SIGGRAPH attendees are a sophisticated audience, so demoing Pearl in the VR Village last week led to some really interesting conversations. One thing I heard more than once was this idea that to do storytelling in VR, we have to throw out all the rules of traditional cinema. While I appreciate the swashbuckling spirit of that sentiment, I don’t think it’s actually true.
I had a life drawing instructor in college who used to teach us rules like “highlights are circular, and shadows are triangular.” As a math major, this really bothered me at the time, because taken literally it was provably false– just give me a flashlight and a grapefruit and I’ll show you! But that was missing his point. The human body is made of smooth, convex masses, and the highlights on them do indeed tend to be round. And when one limb casts a shadow on another, the contour of the shadow’s edge wraps around and hits the silhouette at an angle, forming a sharp point. In other words, “triangular”. So my teacher’s rule, within the context of human figure drawing, was totally valid and actually pretty insightful. But it wasn’t a law of nature, it was something he invented. And to construct it, he had to synthesize knowledge from human anatomy, physics, geometry, and visual perception.

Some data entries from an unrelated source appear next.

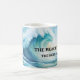 Mug featuring a watercolor painting of a big wave on the beach. Beautiful for a beach house or anyone who loves the beach or surfing.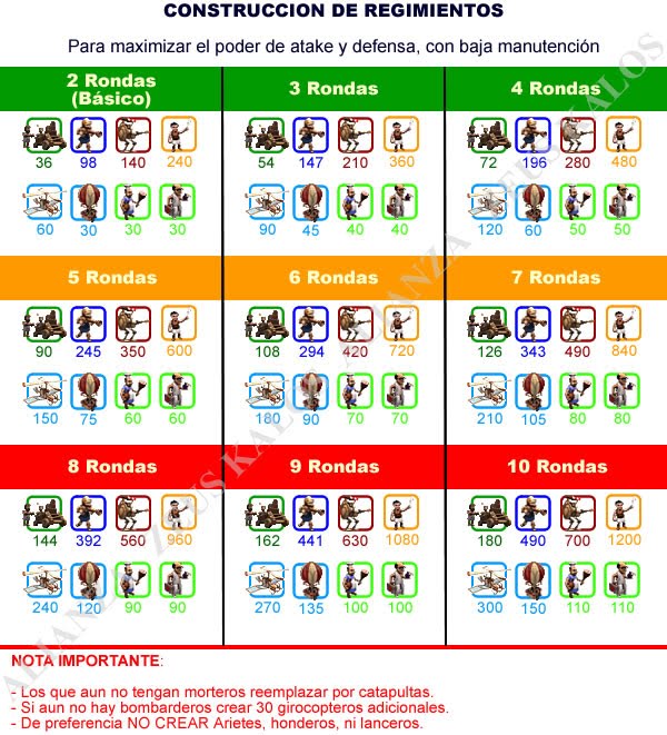 Les mostare a todos como se debe armar una catidad respetable.. de soldados.. para la cual les dara mas posibilidades de obtener una victora en las batallas que libren, se resumen en el cuadro que se muestra en la imagen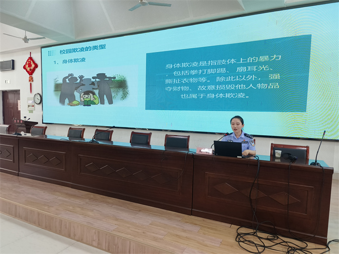 讲座中,王警官联系学校实际和青春期学生的特点,结合一个个生动、鲜活的典型案例,以案释法,深入浅出地向同学们讲解了校园欺凌的类型与危害,校园欺凌高发时段与区域,校园欺凌的后果及可能承担的法律责任,并引导学生如何远离校园欺凌。同时,王警官结合当前季节特点,针对预防青少年溺水向同学们作了进一步的提醒,通过图文并茂的展示及背诵防溺水口诀等方式,教授同学们如何预防溺水与正确开展施救。

The rules of filmmaking seem atomic and universal to us, but they’re not. Like the “triangular/circular” rule, they’re chimaeras, hybrid creatures assembled from bits of wisdom from different disciplines. They’re not real the way math and biology are real, we’re just so used to them that we mistake them for reality.
For example, take film’s 180º rule. That’s the rule that says if you’re shooting a conversation between two characters, there’s an imaginary line connecting them, and when you cut from shot to shot, you always have to keep the camera on the same side of it. Cross that line, and you risk confusing your audience. This rule has elements of geometry (projecting 3D space to a plane), perception (how humans construct mental models of 3D space) and psychology (how we organize those models based on relationships between people). That’s a lot of moving parts! Now imagine trying to apply this rule to a VR experience where you can walk around the scene. Some of those elements change (the flat screen becomes a volume) but the perception and psychology parts are still there. So the question is not whether to keep the 180º rule or throw it away. The question to ask is which parts do we keep, and what else do we add into the mix, to construct a new rule that works for VR?
For VR storytelling, we shouldn’t have to throw out the rules of the mediums we know and love. But we can unpack them, dismantle them into their component parts, and analyze them at a deeper level than we’re used to doing. And that’s going to be a fun way to spend the next few years, for all of us.